Chief scientist of APNIC - which administers the allocation of internet protocol addresses for APAC - Geoff Huston told iTnews the lack of IPv4 addresses would have large consequences for the internet economy.
"The scarcity of addresses leads to greater levels of uncertainty in the industry, and that leads to investor nervousness," Huston said.
Although prices for IPv4 address block transfers declined last year in the American Registry for Internet Numbers (ARIN) thanks to continued availability, this wasn't reflected in the APNIC and European IP Networks (RIPE) areas, the IPv4 Market Group reported earlier this month.
Furthermore, prices are expected to go up this year as ARIN runs out of freely available IPv4 addresses.
Huston agreed the squeeze on IPv4 addresses could hurt cloud providers that need to scale up to provide more internet addressable services.
Conversely, if a cloud provider or network operator has accumulated plenty of IPv4 addresses, they are in a good position in relation to the competition now, he said.
Smaller enterprises such as startups that require blocks of IPv4 addresses may also find that their costs will go up, and scaling their business could become more difficult.

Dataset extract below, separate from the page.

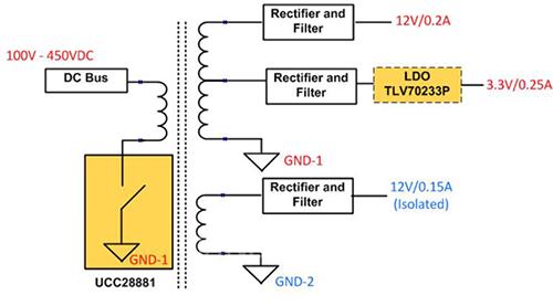 PMP30044參考設(shè)計(jì)使用UCC28910準(zhǔn)諧振反激式轉(zhuǎn)換器來(lái)產(chǎn)生隔離輸出(12V@ 0.35A)。UCC28910集成了一個(gè)700V的功率FET,并提供初級(jí)側(cè)調(diào)節(jié),無(wú)需光電耦合器,減少了總組件數(shù)量。是一個(gè)低成本高效益的設(shè)計(jì)。

"The incumbents entrench their position, and innovation and entrepreneurialism take a back seat while we sit out this entire IPv4 to IPv6 transition mess," Huston said.
| Jan-12 |
Jan-13 | Jan-14 | Jan-15 | 2013 growth |
2014 growth |
|
| Prefix Count | 390,000 | 441,000 | 488,000 | 530,000 | 11% | 9% |
| Root Prefixes | 190,000 | 215,000 | 237,000 | 257,000 | 11% | 8% |
| More Specifics | 200,000 | 226,000 | 251,000 | 287,000 | 11% | 14% |
| Address Span (/8s) | 149.3 | 156.2 | 158.6 | 162.1 | 2% | 2% |
| AS Count | 39,800 | 43,100 | 46,000 | 49,000 | 7% | 7% |
| Transit AS Count | 5,500 | 6,000 | 6,400 | 7,000 | 7% | 9% |
| Stub AS Count | 43,300 | 37,100 | 39,000 | 42,000 | 7% | 8% |
The IPv4 public routing table is predicted to hit 760,000 entries in the next five years, Huston said. It currently contains around 530,000 entries.
In comparison, based on current rates Huston predicts the IPv6 routing table will grow to between 55,000 to 114,000 by 2020.

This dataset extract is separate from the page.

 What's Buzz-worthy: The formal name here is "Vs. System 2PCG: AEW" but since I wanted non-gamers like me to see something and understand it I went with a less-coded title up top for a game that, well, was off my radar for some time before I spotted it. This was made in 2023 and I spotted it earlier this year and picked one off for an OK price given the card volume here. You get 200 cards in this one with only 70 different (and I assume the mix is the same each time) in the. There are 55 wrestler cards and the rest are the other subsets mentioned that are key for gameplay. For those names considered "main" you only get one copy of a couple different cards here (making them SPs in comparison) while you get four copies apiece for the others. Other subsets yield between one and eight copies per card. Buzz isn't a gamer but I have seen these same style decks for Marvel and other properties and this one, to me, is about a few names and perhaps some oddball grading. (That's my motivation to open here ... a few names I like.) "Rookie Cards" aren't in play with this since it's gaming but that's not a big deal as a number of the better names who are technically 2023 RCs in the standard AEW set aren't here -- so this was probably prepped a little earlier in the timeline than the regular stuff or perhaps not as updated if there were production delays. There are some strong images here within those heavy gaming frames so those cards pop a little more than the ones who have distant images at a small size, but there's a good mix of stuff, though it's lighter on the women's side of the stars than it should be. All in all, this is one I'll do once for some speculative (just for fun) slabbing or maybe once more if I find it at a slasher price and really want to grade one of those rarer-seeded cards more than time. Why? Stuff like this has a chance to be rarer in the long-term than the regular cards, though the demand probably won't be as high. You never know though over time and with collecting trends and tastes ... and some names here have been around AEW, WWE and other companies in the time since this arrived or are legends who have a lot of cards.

However, he warned that the predictions were "highly uncertain", as the correlation between network deployments and routing advertisements have been disrupted by the supply hiatus of IPv4 addresses, which in turn has led to extensive use of address sharing technologies like CG-NAT.
IPv6 migration in go-slow mode
The depleted IPv4 situation could be solved by upgrading the internet's current addressing scheme to the next-generation IPv6 scheme.
But the increasing scarcity of directly addressable IPv4 space has not translated into a mass-migration to the 128-bit IPv6 protocol - which allows for a practically inexhaustible number of addresses, but which isn't directly interoperable with the older variant.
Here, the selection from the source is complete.